● **Supplied records**:

☆ ☆ ☆

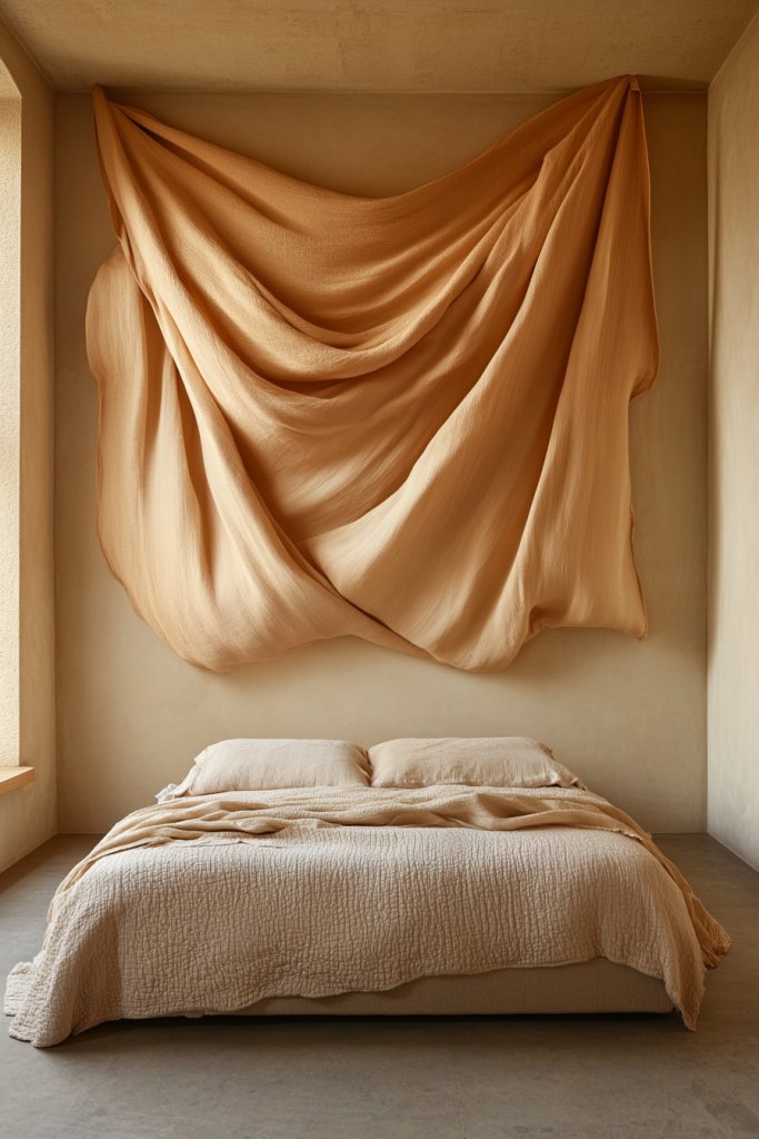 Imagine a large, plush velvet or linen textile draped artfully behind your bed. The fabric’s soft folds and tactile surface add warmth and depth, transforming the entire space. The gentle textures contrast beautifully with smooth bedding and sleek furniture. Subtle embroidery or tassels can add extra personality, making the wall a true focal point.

☆ ☆ ☆

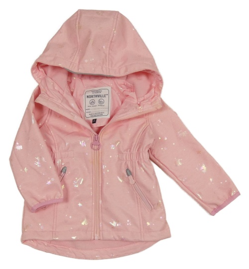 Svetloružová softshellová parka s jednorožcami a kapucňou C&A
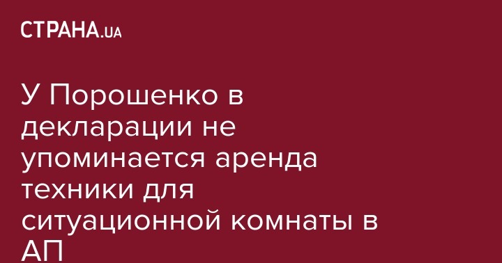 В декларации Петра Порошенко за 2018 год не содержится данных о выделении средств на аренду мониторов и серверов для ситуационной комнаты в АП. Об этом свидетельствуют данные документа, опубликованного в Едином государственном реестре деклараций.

☆ ☆ ☆

● **Work item**: With the pictures omitted, restate word for word the lines above from the line that has "Svetloružová softshellová parka" up to and including the line that has "В декларации Петра", and no other lines.

● **Answer box**:
 Svetloružová softshellová parka s jednorožcami a kapucňou C&A
 В декларации Петра Порошенко за 2018 год не содержится данных о выделении средств на аренду мониторов и серверов для ситуационной комнаты в АП. Об этом свидетельствуют данные документа, опубликованного в Едином государственном реестре деклараций.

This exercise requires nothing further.